The problem now is that if you look at a map of American colleges and universities, many of them are clustered in the Northeast and upper Midwest, when most of the young college-going population lives in the South and West. It’s why several colleges, both public and private, in the Northeast and Midwest are struggling financially and are desperate to fill their seats every fall, while many in the West don’t have enough room for all the qualified students who want to come.
[Loyal alumni make it extremely difficult to close a college. Just ask Sweet Briar]
Now is the time for the federal government to exert a role in this non-federal system. The forthcoming renewal of the Higher Education Act, which governs federal student aid programs, is a perfect opportunity to do so. What we need is a federal commission similar to those that have been tasked with closing military bases over the years. In the case of higher education, this commission wouldn’t just recommend colleges for closure, but it also could identify where mergers or alliances could produce the best solution for clusters of struggling institutions.
The federal government has a huge stake in this game. It spends about $165 billion annually on higher education in grants, loans, and tax credits, while the states spend about $74 billion in direct appropriations. Given that government subsides account for close to 90 percent of revenues at some colleges when you add up grants, loans, and research funds, the federal government certainly should have a big say in how that money is spentnationwide.
“In the absence of a government subsidy, most colleges could not fill up their seats,” Ronald Ehrenberg, a higher-education economist and professor at Cornell University, told me.
Yet the states mostly control what happens to institutions in their backyards, both public and private. A few states have been proactive on this front.

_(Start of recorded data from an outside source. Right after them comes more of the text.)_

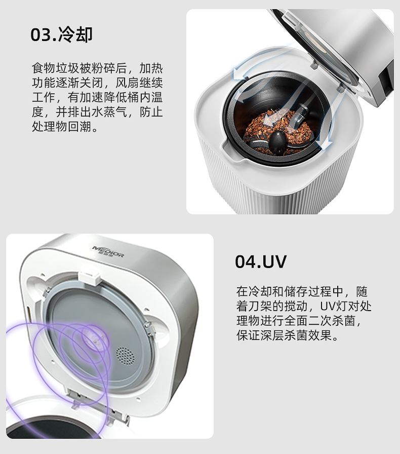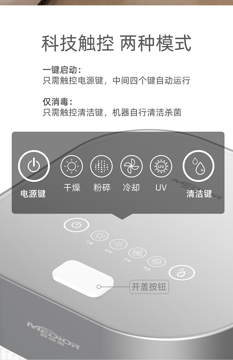 冷卻:研磨模式完成后,自動啟動冷卻模式。 電源按鈕和 干燥,研磨,冷卻燈及 紫外線燈點(diǎn)亮。 您可以在冷卻模式下設(shè)置UV周期。
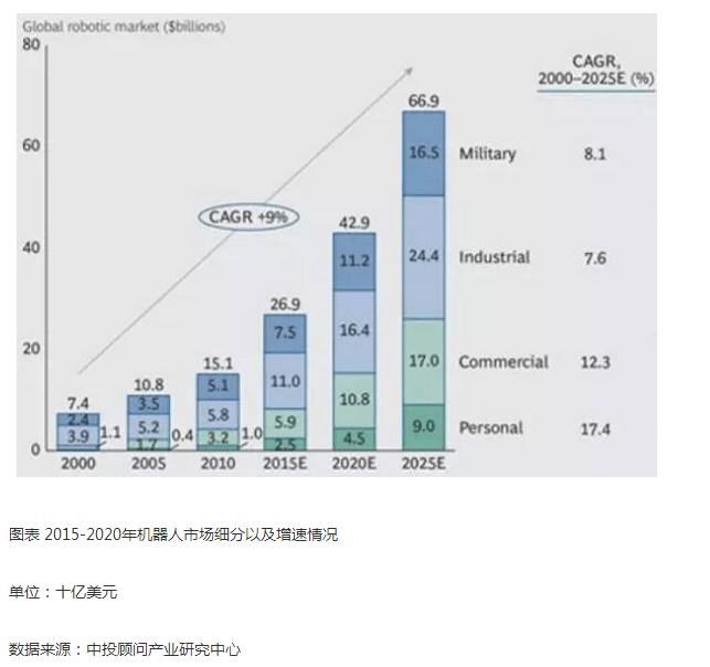 商業機器人市場于2015年達到了59億美金,主要受益于在商業機器人中占比極大的醫療及手術機器人的迅速增長,未來市場份額有望在2025年達到170億美金,取代軍用機器人板塊成為第二大機器人市場。
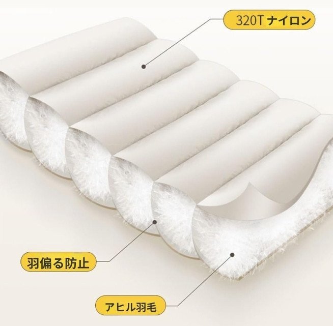 ★ホワイトダックフェザー2200g入り充填量、ふんわり軽くて暖かい。
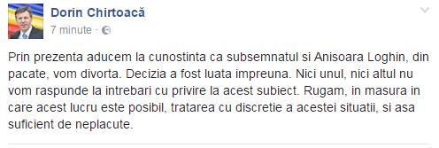 Primarul din Chișinău anunța în postarea respectivă că el și Anișoara Loghin urmează să divorțeze și nu vor să discute nimic mai mult pe acest subiect.
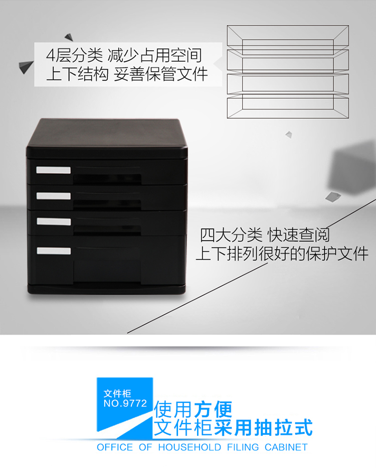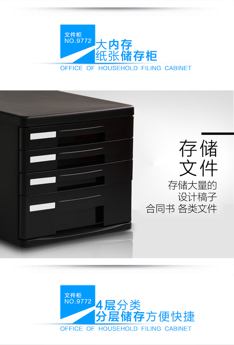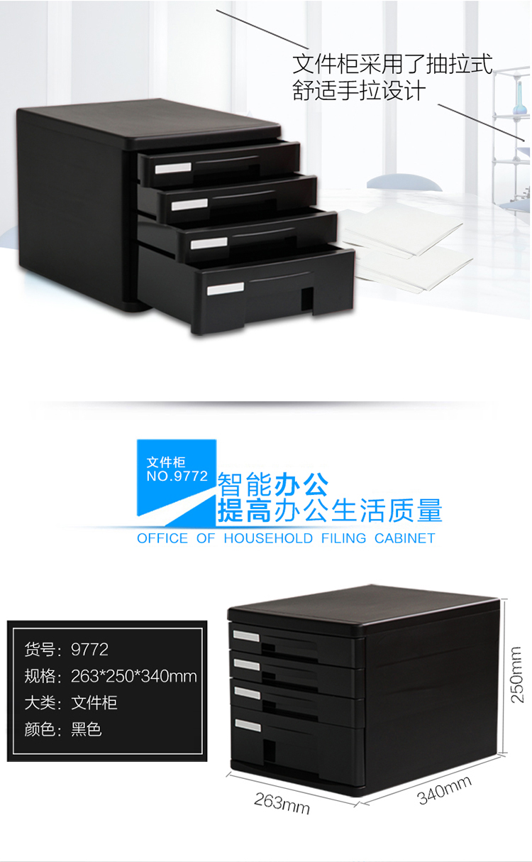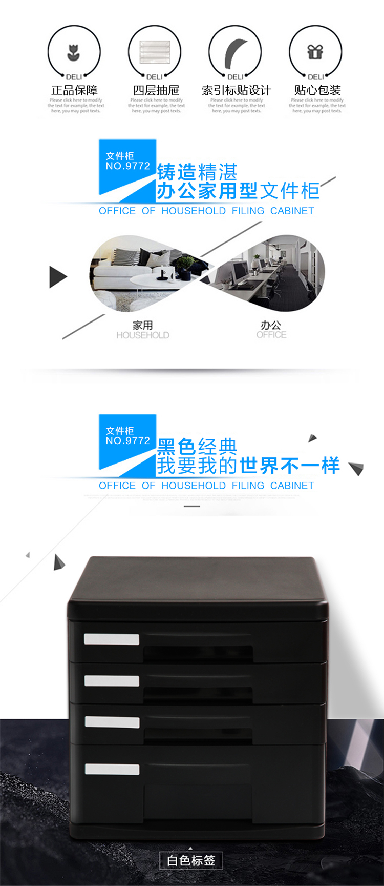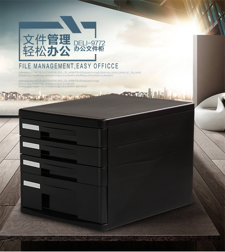 • 商品名称:得力(deli) 9772 4层桌面文件柜 A4拉手资料收纳柜 带索引标签 黑色

The university system in Georgia has approved six campus mergers in recent years, a response to declining state appropriations for higher education. But most states, like Pennsylvania, Maine, and West Virginia, have largely punted on the issue, leaving them with a patchwork of public and private colleges in the face of aging demographics and shrinking financial resources.
Closures remain very rare in higher education because alumni don’t want a college to lose its identity (witness Sweet Briar) and lawmakers don’t want to be known as the politician that shuttered a major employer in town.
But in some cases, mergers and deep academic alliances — which would allow colleges to share faculty — could stave off actual closure and make the resulting institution stronger in the long run because of its bigger size. We already have examples of alliances in higher education with athletic conferences, and on the academic side, the University Innovation Alliance, a group of 11 public research universities. And such collaborations are no longer limited to colleges in close proximity because of advances in technology.
Any time I drive in the Northeast, I’m always struck by the number of signs along the highway for a nearby college. The diversity of the American “system” — from two-year community colleges to four-year research universities — is one of the features that other countries want to copy.
Only by looking at the future of U.S. colleges and universities through the wide lens of the nation as a whole will we ensure that diversity remains, but we don’t need a college at every exit along the highway anymore.